Puis il conçoit des œuvres critiquant le capitalisme américain, comme l’apposition du logo Coca Cola sur un vase millénaire. Et, à partir de 2008, il va énerver de plus en plus le régime chinois en photographiant les conséquences d’un fort séisme au Sichuan, puis en érigeant une liste de personnes décédées pendant ce tremblement de terre et en exposant cette liste.

Il commence alors à être, à son tour, persécuté : son atelier est brûlé, il est soupçonné de fraude fiscale, soumis à de fortes amendes, puis emprisonné (enfin, il disparait quelque temps jusqu’à ce que son avocat le retrouve en prison). Grâce à une mobilisation internationale des internautes qui paient sa caution, il est finalement libéré, récupère son passeport et se réfugie à Berlin puis à Londres. Il y a quelques jours il a participé à une mobilisation pour soutenir Julian Assange, après avoir recouvert une salle de concert à Berlin de gilets de sauvetage, en mémoire de tous les migrants qui périssent en mer pour tenter de regagner l’Europe.

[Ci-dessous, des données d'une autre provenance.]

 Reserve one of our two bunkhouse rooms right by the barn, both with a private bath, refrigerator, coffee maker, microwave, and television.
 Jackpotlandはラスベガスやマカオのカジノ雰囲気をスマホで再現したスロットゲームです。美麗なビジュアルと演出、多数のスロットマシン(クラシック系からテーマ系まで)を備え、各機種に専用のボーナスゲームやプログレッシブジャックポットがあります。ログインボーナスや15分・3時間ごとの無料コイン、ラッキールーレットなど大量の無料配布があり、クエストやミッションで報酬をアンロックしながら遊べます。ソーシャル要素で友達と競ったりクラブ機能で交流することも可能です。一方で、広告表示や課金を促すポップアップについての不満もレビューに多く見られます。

Je voulais absolument visionner ce documentaire au titre si bien trouvé CORONATION. (à la fois couronnement et « nation corona » en anglais). Bien entendu ce film n’est pas distribué sauf sur les plate formes de streaming (ViMEO).

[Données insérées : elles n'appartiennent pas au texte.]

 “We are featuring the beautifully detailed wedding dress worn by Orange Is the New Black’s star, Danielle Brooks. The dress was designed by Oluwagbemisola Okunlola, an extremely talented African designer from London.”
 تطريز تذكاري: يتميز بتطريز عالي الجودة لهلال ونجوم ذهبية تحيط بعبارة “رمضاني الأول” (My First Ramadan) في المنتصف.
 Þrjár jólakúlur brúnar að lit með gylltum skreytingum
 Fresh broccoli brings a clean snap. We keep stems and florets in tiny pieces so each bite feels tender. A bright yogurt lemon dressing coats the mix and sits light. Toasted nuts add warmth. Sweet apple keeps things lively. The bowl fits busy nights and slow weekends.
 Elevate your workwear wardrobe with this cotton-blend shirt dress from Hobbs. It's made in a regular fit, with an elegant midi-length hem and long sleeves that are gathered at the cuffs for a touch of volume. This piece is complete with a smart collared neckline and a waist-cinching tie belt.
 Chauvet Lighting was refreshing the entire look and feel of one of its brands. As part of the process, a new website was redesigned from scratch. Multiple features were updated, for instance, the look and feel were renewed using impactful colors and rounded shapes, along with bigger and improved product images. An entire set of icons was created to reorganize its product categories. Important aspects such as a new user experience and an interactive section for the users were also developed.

"Coronation" commence sur un couple qui rentre chez lui en voiture le soir du 23 janvier après les fêtes du Nouvel An chinois, à travers les rues désertes et enneigées. L'homme et la femme s'arrêtent à une station-service où une employée tente de prendre leur température. Très vite, la police arrive appelée par la femme de s la station-service. Mais tout se passe bien.

On voit ainsi des médecins et personnels de santé arriver de toute la Chine sous les applaudissements organisés des habitants dépêchés à l’aéroport. Et on voit les livreurs qui se présentent au bas des immeubles et qui passent les colis de nourriture commandés par les résidents cloitrés, sous les grilles de clôture. Les habitants viennent chercher leurs commandes (on comprend qu’il s’agit de commandes groupées) munis de tout ce qu’ils ont pu trouver comme équipements de protection : masques, sacs en plastiques, gants…

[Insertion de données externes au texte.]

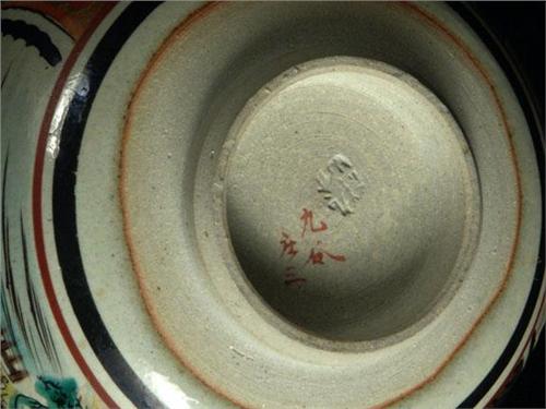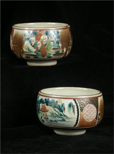 POTTERY: Pair Japanese stoneware teacups with Rakan and village scenes at side panels, signed in red at underside. Early 20th c., Meiji period (1868-1912).
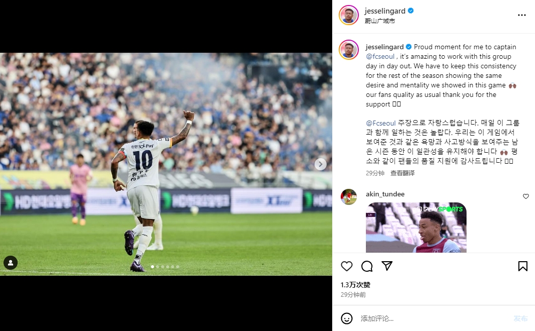 林加德晒出任首尔FC队长照:非常骄傲,很高兴和团队并肩作战

On assiste au protocole de protection d’un médecin : 2 masques l’un sur l’autre, deux combinaisons blanches l’une sur l’autre, des gants étanches, des lunettes, une sorte de casque plastique de cosmonaute sur des lunettes et une visière. Pour le déshabillage de ce médecin, il y a trois cabines successives, contrôlées par une femme derrière une video. Impressionnant !

Les scènes qui m’ont le plus marquée :

  • Un fils vient rendre visite à sa vieille mère. Elle est encore sous influence des discours de Mao, soutient le « PARTI » (sous l’œil goguenard de son fils) et montre toutes les décorations qu’elle a reçues au long de sa vie, (il y en a même qui sont signées d’un opposant à Mao, enfin de l’un de ceux que Mao avait condamné comme « traitre »),
  • Des gens sont coincés dans un immense local (un gymnase ?) et affirment n’avoir jamais contracté le virus mais être là pour faire baisser les statistiques de mortalité,
  • Un homme appelé pour construire les hôpitaux temporaires (comme bien d’autres) a raté le retour organisé, semble-t-il. Il est obligé de vivre dans un parking et se heurte à la bureaucratie chinoise qui le fait tourner en bourrique pour finalement l’empêcher de repartir chez lui avant la fin du confinement. On apprendra par la suite que cet homme s’est suicidé.
  • Des files de gens viennent récupérer les urnes funéraires de leurs proches. Un fils voudrait avoir l’urne de son père qui lui est refusée tant que l’unité de travail de celui-ci n’a pas été admise à l’accompagner.  

    « En République populaire de Chine, il n'y a pas de place pour le deuil ou le chagrin : rien ne doit entraver le message officiel célébrant l'efficacité du régime. »

    Glaçant !

Un film à voir pour se plonger dans la vie d’un chinois en Chine, à Wuhan, pendant l’épidémie.